Brief>
Repeat the listing below line by line, exactly, leaving its pictures behind.

Supplied information>
'''

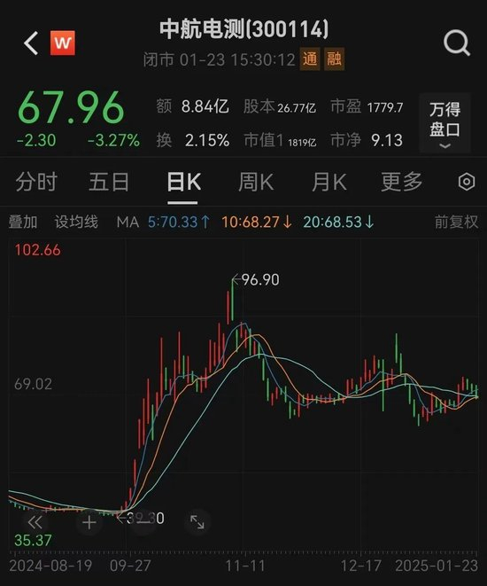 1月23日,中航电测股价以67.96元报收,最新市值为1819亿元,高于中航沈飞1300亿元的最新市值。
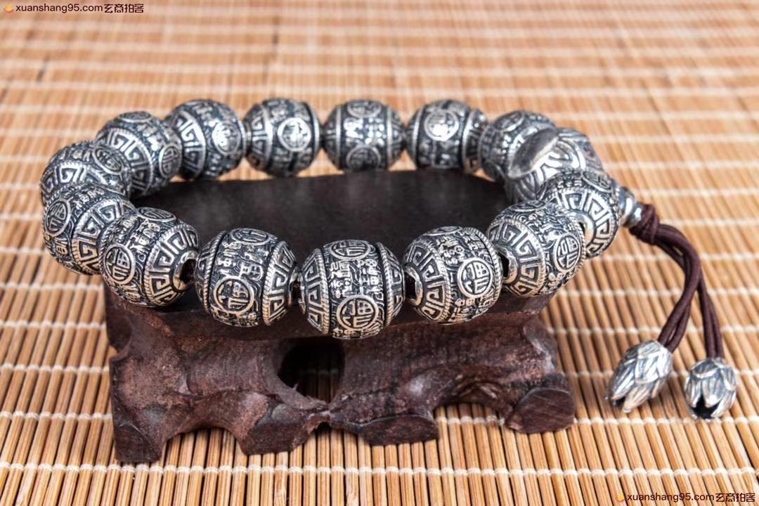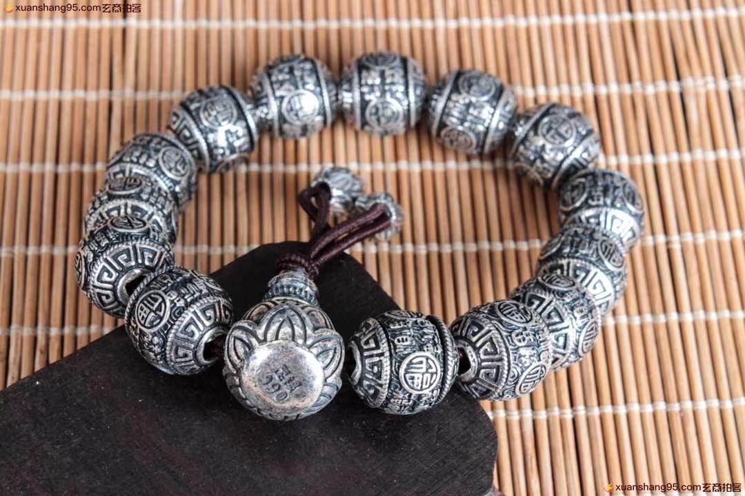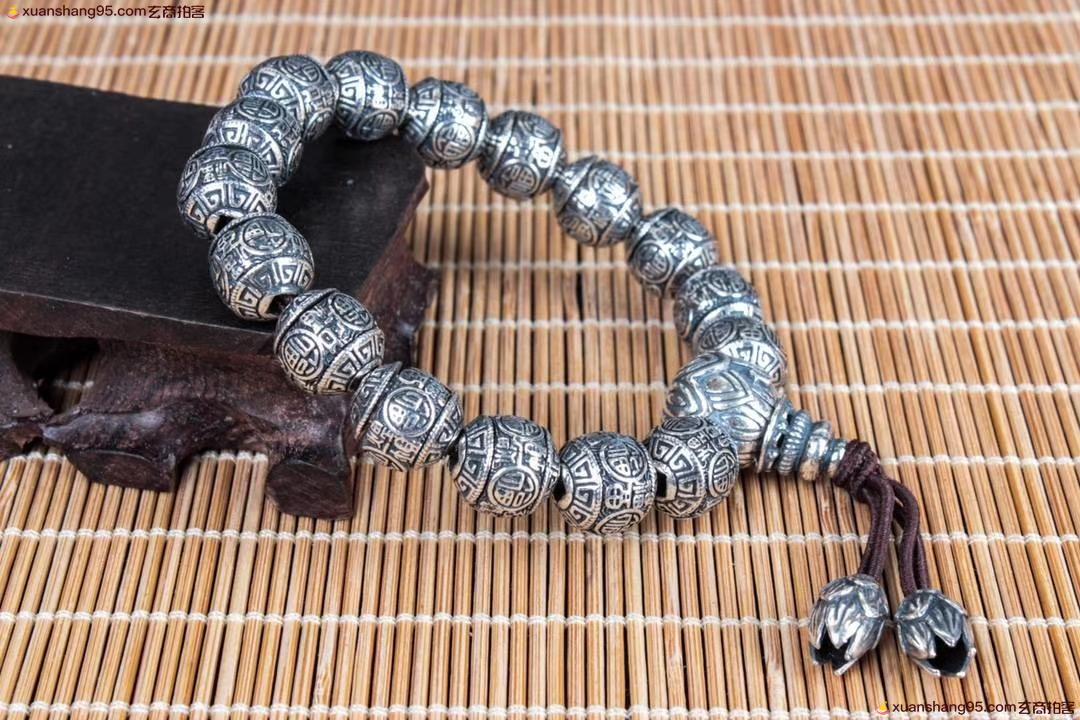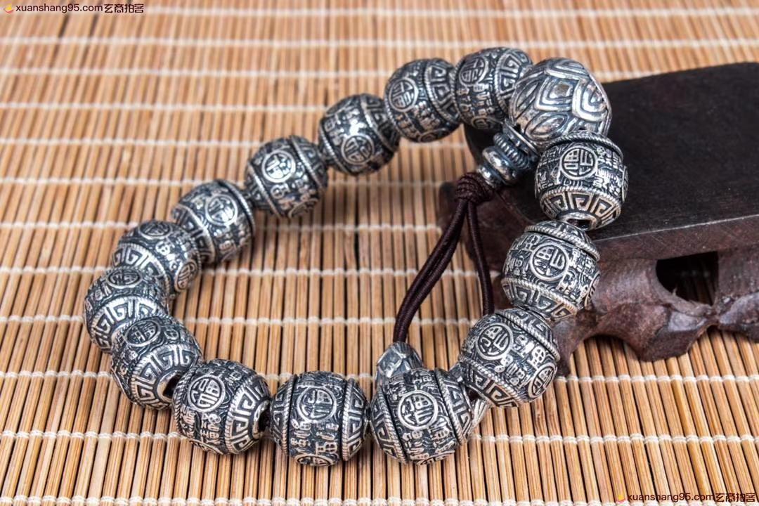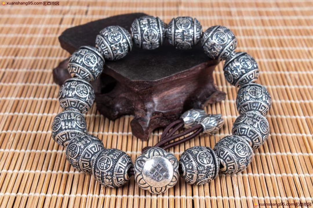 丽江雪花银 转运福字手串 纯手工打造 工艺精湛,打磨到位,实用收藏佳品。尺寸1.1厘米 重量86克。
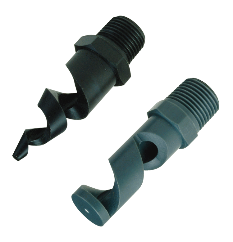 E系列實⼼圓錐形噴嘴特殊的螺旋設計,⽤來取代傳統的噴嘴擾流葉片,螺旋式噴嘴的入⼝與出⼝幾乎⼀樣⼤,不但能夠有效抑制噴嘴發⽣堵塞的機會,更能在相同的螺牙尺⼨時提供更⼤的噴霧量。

'''

Written response>
 1月23日,中航电测股价以67.96元报收,最新市值为1819亿元,高于中航沈飞1300亿元的最新市值。
 丽江雪花银 转运福字手串 纯手工打造 工艺精湛,打磨到位,实用收藏佳品。尺寸1.1厘米 重量86克。
 E系列實⼼圓錐形噴嘴特殊的螺旋設計,⽤來取代傳統的噴嘴擾流葉片,螺旋式噴嘴的入⼝與出⼝幾乎⼀樣⼤,不但能夠有效抑制噴嘴發⽣堵塞的機會,更能在相同的螺牙尺⼨時提供更⼤的噴霧量。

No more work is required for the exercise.